I prefer SFIC base. I get mine from BrambleBerry since I'm in the next state over.


----------



## Kel Lowndes (Nov 22, 2011)

I agree with soapbuddy! LOVE BB bases!


----------



## llineb (Jan 5, 2012)

Kel Lowndes said:
			
		

> I agree with soapbuddy! LOVE BB bases!




Absolutely!  I recently tried their bulk goats milk base and just love it!  it's so creamy!


----------



## paillo (Jan 6, 2012)

i've been buying peak candles clear base because it contains no chemicals. love the stuff.


----------



## semplice (Jan 10, 2012)

Bramble Berry M&P bases all day!!


----------



## bombus (Jan 11, 2012)

so I have been using WSP's bases, but wanted to try Bramble Berry's premium ones- I had heard that they carried SFIC, and I assumed that their better bases were SFIC. 
The goatsmilk is fine, but the clear is a dark color. almost a yellow/green. Sure won't be good to use as a clear- it looks like it will have to be colored. I really wanted a clear that I can use for embedding that didn't have all the chemical additives. I've had customers object to propylene glycol as the first ingredient in my wsp base. (it makes them think of ethylene glycol, the stuff in anti-freeze). The less expensive bulk bases at Bramble Berry have glycerin as one of the first ingredients, which seems to cause sweating. I tried the more expensive ones because glycerin was further down on the list.
Has anyone tried the less expensive ones?


----------



## Genny (Jan 12, 2012)

I'm a fan of BB & Natures Garden Candles.


----------



## Apothefairy (Jan 18, 2012)

I've used Wholesale Supplies Plus "detergent free" (Was for a bulk order and the customer had very specific color requirements and I was under a very strict time schedule. Wholesale Supplies Plus is closer to me so I was able to get the soap in a couple of day.)

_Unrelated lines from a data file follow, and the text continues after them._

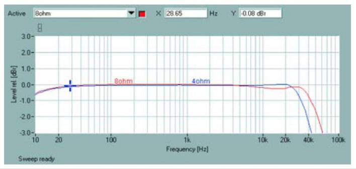 Pasmo przenoszenia (rys. 1) to dla wzmacniacza impulsowego zawsze test nie najłatwiejszy, za co odpowiedzialne są filtry wyjściowe. W tym przypadku idealną liniowość, aż do 22 kHz, zachowuje krzywa 4-omowa, podczas gdy obciążenie 8-omowe, mimo lekkiego osłabienia w tym zakresie, oferuje nieco wyższą częstotliwość graniczną (61 kHz vs 42 kHz). W obszarze niskich częstotliwości w każdym przypadku wzmacniacz spisuje się świetnie, ze spadkiem zaledwie -0,6 dB przy 10 Hz.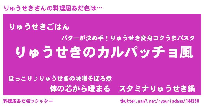 | 男性向けラノベタイトル風あだ名 | 『魔弾の王とりゅうせき』 |
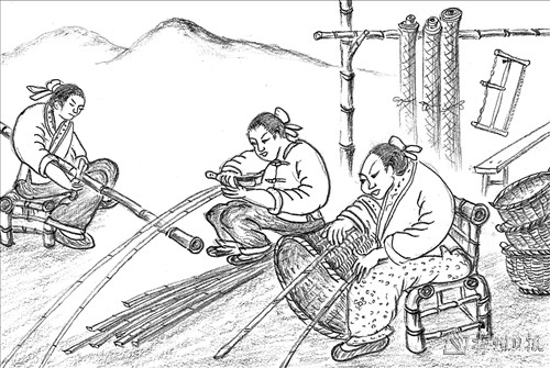六月小暑早禾黄,尝新禾饭荐馨香。 请人补箩买谷笪,又爱破篾箍桶枋。 点评:农历六月,小暑节气,早莳的禾苗变黄,即将到了收获的季节。此时,农家要吃新禾饭,俗称“吃新”,还要烧香拜天地,禀告上苍。接下来可是夏收夏种的大忙季节,农家又得准备好收成工具,请篾匠师傅修补家里的箩筐、谷笪,有的还要把破损的桶枋再用竹篾或铁圈箍紧,以免脱落。“ |
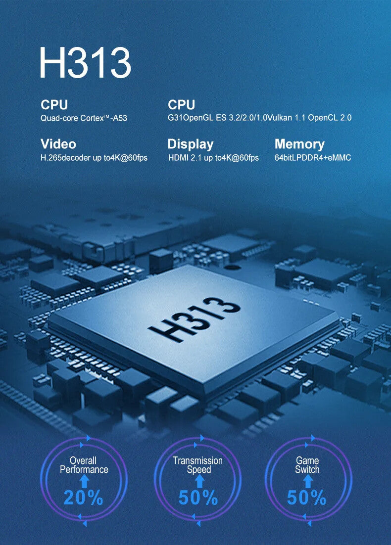 | CPU | H313 Quad-core ARM Cortex-A53 |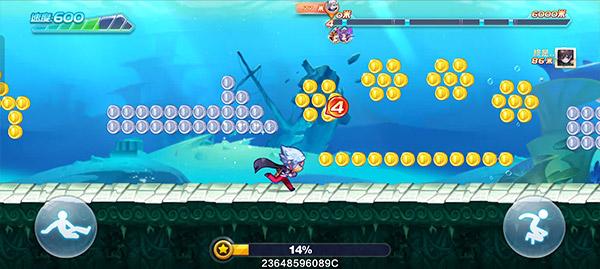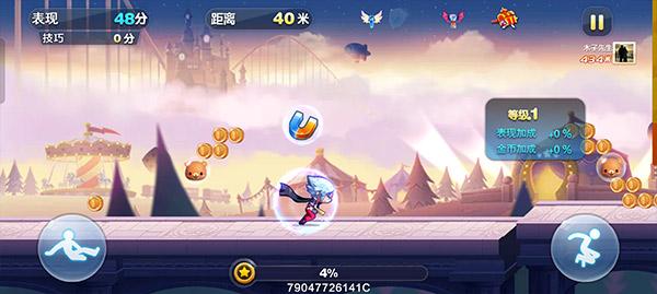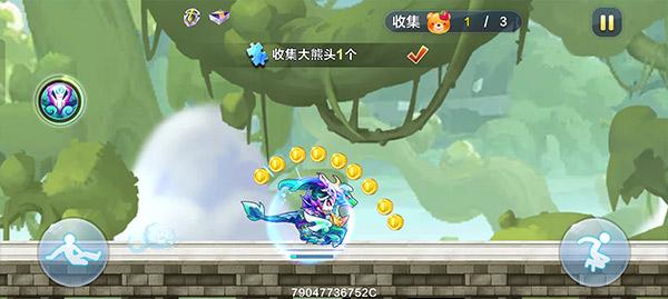 3、进入到游戏之后,有两个按键,分别是滑铲和跳跃的按键,他们都是都是用来躲避游戏中的障碍和拾取金币使用,我们需要尽量跑的更远,获得更高的分数;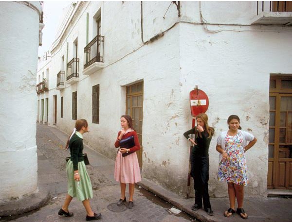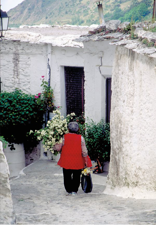 به نظرم من آدمی هستم که خیلی توی خط نیست، در مسیرهای پرتردد رفتوآمد نمیکنم. بنابراین وقتی دولت اسپانیا مسیرهای مسافرت به اندلس را برقرار کرد، رفتن به آنجا برای من مأموریت کاری ایدئالی بود. من خارج از بارسلون زندگی میکردم، و به من آزادی و فرصت لازم برای کشف جاهایی را داده بودند که خیلی توی چشم نباشد. این عکس در دهکده کوچک پامپانیرا در آلپوخاراس، منطقهی کوهستانی در ایالت گرانادا، برداشته شده است. مغربیها پس از اخراج از اسپانیا در همین جا مدتها دوام آوردند. زنی با یک دسته گل قدمزنان به سمت خانه میرود.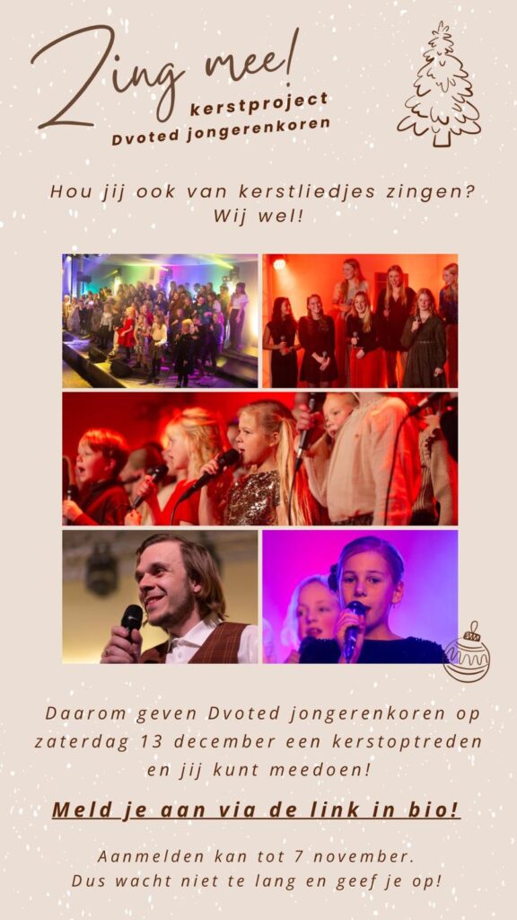 Hou jij ook van kerstliedjes zingen? Wij wel! Daarom geven de DVoted jongerenkoren op zaterdag 13 december een bijzonder kerstoptreden en jij kunt meedoen!

But my preference is Bramble Berry all the way. I love the SFIC premium bases. I've used them all with great success. They're my go-to for everything melt and pour. Yes, there is a natural yellow cast to the clear, but it's really not too terribly bad and when I need a 'clearer' color, I tend to blue my base, as in bluing laundry water to get whiter whites. You add a very small amount of diluted liquid blue to slightly shift the hue of your base back to clear.

I have tried the Bramble Berry bulk clear as well. My personal preference will always be the SFIC premium bases. Always. With just about every glycerine soap, especially in a humid environment (Like.. oh.. say Texas!), you will have to deal with glycerine dew at some point. As long as you wrap your soaps appropriately as soon as they've cooled completely (read: with the wrap touching the soap and minimal air able to penetrate) you shouldn't have too much of an issue.

Even where I live I'm able to leave my bars out overnight to fully set up. My house is generally fairly cool and I find that helps retard the dewing process.


----------